He felt his back curve, leaning him forward. His shoulders ached, his neck cramping painfully with each turn of the head; his body finally deciding to choose now to make a protest about his nights of little sleep.
Two fingers up to his right temple, he pressed down, tips going in a tiny circle, but the slowly growing headache refused to leave. It spread around to the front, and the cave wall blurred to a haze of pinks before clearing. Eyes dry, blinking didn't even help, Daniel wanted no more than to curl on the sandy ground and wait for the world to brighten again around him. But there was no luck this being all a dream. He could feel reality pulling down on his limbs, making even the camel haired brush in his hand heavy as a mallet.

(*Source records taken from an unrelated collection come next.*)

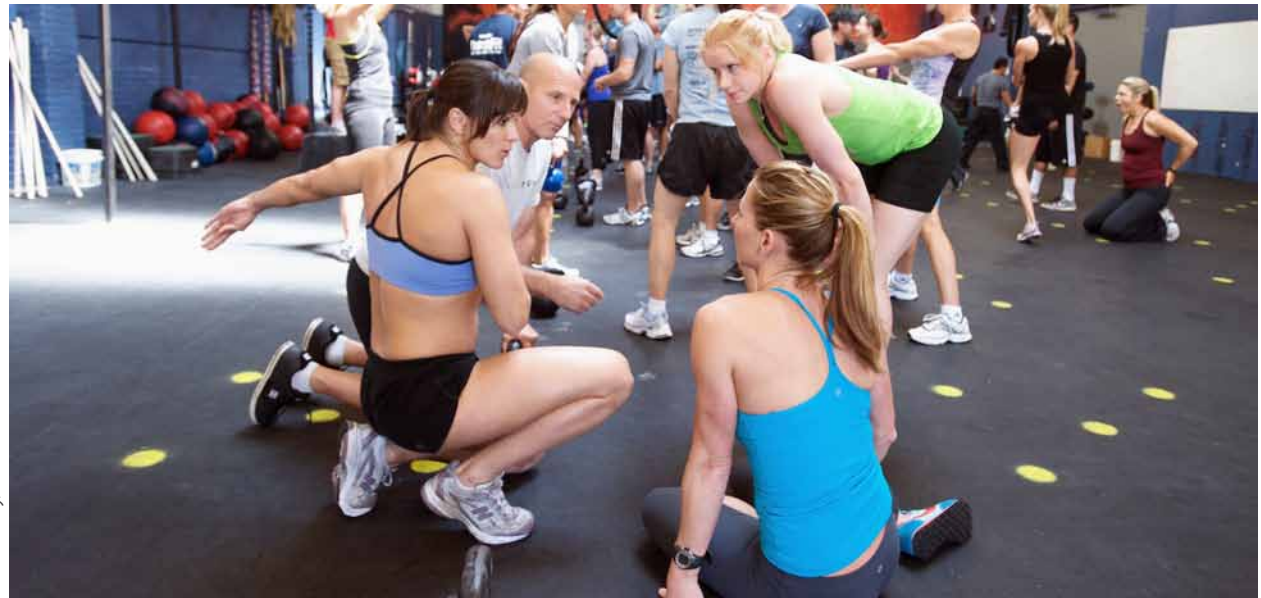
Setting reasonable goals and then striving to accomplish them is a rewarding pursuit that keeps training intense and fun.

The final point is perhaps the most important but least understood: a goal must contain a time frame that is realistic and achievable while at the same time providing the athlete with a certain amount of challenge and motivation. A goal set too far in the future will lack the urgency and fail to create the internal fire needed for accomplishment. On the other hand, too short a time frame may lead to discouragement and despair.
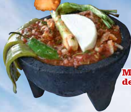
Molcajete de carne
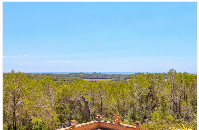
Wonderful distant sea view
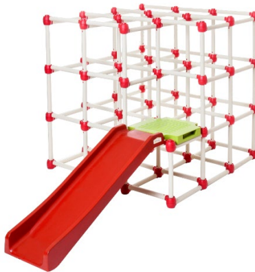
Product Name: Lil Monkey Climb N' Slide CUBE
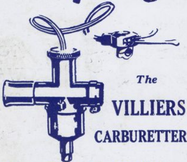
The VILLIERS CARBURETTER

... is as simple as the VILLIERS Engine. It is self-regulating and economical. It controls automatically the strength of the mixture at all times, seeing that the engine is never starved, nor yet choked with too much fuel. This Carburetter will suit all types of engines.
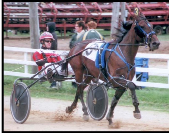
2010 Runner-Up Pacer of the Year Just Win It
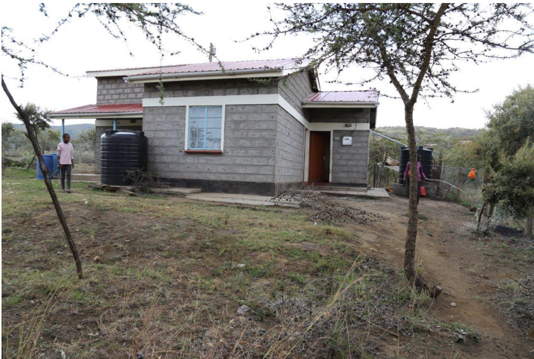
Picture 10. House at RAPLand
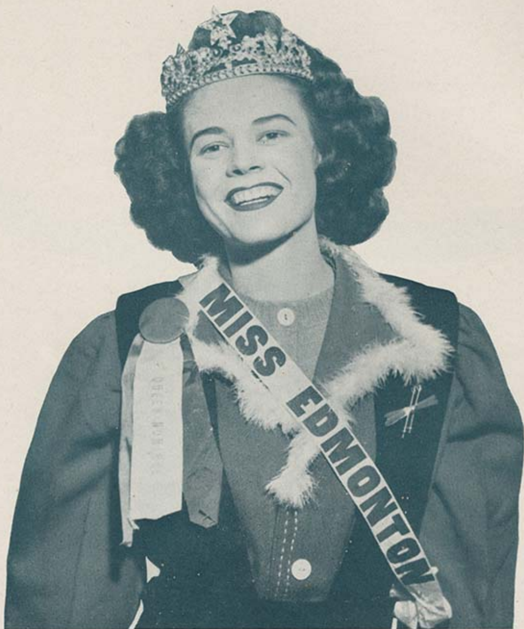
QUEEN MARY 1948

Queen Contest. Nominations for the honor of reigning over the 1949 Winter Carnival are invited. Nominees must attend the 1948 Carnival and will be extended many privileges and given special attention. Judging will be based on personality, sportsmanship and winter sports attire.
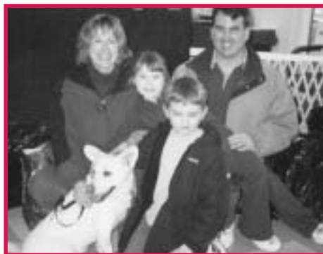
The Shiflett Family
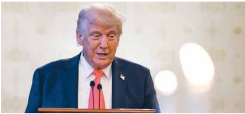
President Barack Obama was in office, years before the full-scale invasion that began in 2022. "They've had their submarines there for long before any period that we're talking about, for many years. The people speak largely Russian in Crimea," Trump said.

US President Donald Trump said in an interview published on Friday that "Crimea will stay with Russia," the latest example of the US leader pressuring Ukraine to make concessions to end the war while it remains under siege. "Zelenskyy understands that," Trump said, referring to Ukrainian President Volodymyr Zelenskyy, "and everybody understands that it's been with them for a long time." The US president made the comments in a Time magazine interview conducted on Tuesday. Trump has been accusing Zelenskyy of prolonging the war by resisting negotiations with Russian President Vladimir Putin. Crimea is a strategic peninsula along the Black Sea in southern Ukraine. It was seized by Russia in 2014, while US
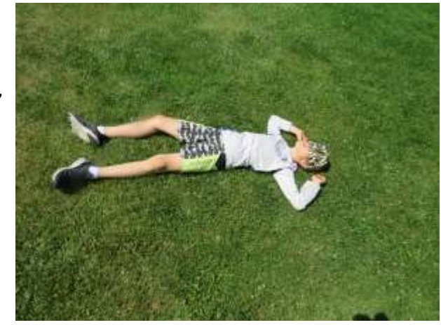
Ready for a break!
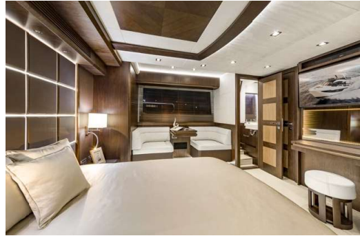
Separate head and shower in the super master setup
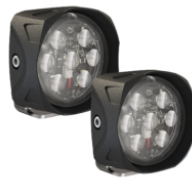
Part Number 0554873 12V LED Work Light Kit with Trapezoid Beam Pattern
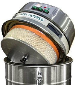
HEPA Filter Cartridge - Included

Daniel stared at the faint carvings on the cave once more, the writings he was able to salvage under layers of dust and carbon. They were similar to other caves he'd found on the bottom of this slope, only not as well preserved. Daniel normally would have been jumping at the wonderful chance, at the rare find, but all he could manage to dredge up was the thought he should try and work on this wall. He absently dabbed his brush against one slender stroke to tap the grit out, revealing pale pink colorings of a once vibrant painting of what looked like a buffalo. He couldn't uncover all of it. The parts closer to the cave entrance were worn to smooth slate. Deeper in the cavern, the paintings were barely coaxed out of time and erosion. But they were in better condition than some of the others. Listlessly, Daniel tapped the bristles on one carving, applying the chemicals with a soft cloth. A small person emerged, looking like it was running away from the buffalo, spear in hand, pointing to its pursuer behind it. Daniel flashed an image of hundreds of buffaloes, snorting, charging, steering for the hapless painted person, alone with a pathetic stroke representing its weapon.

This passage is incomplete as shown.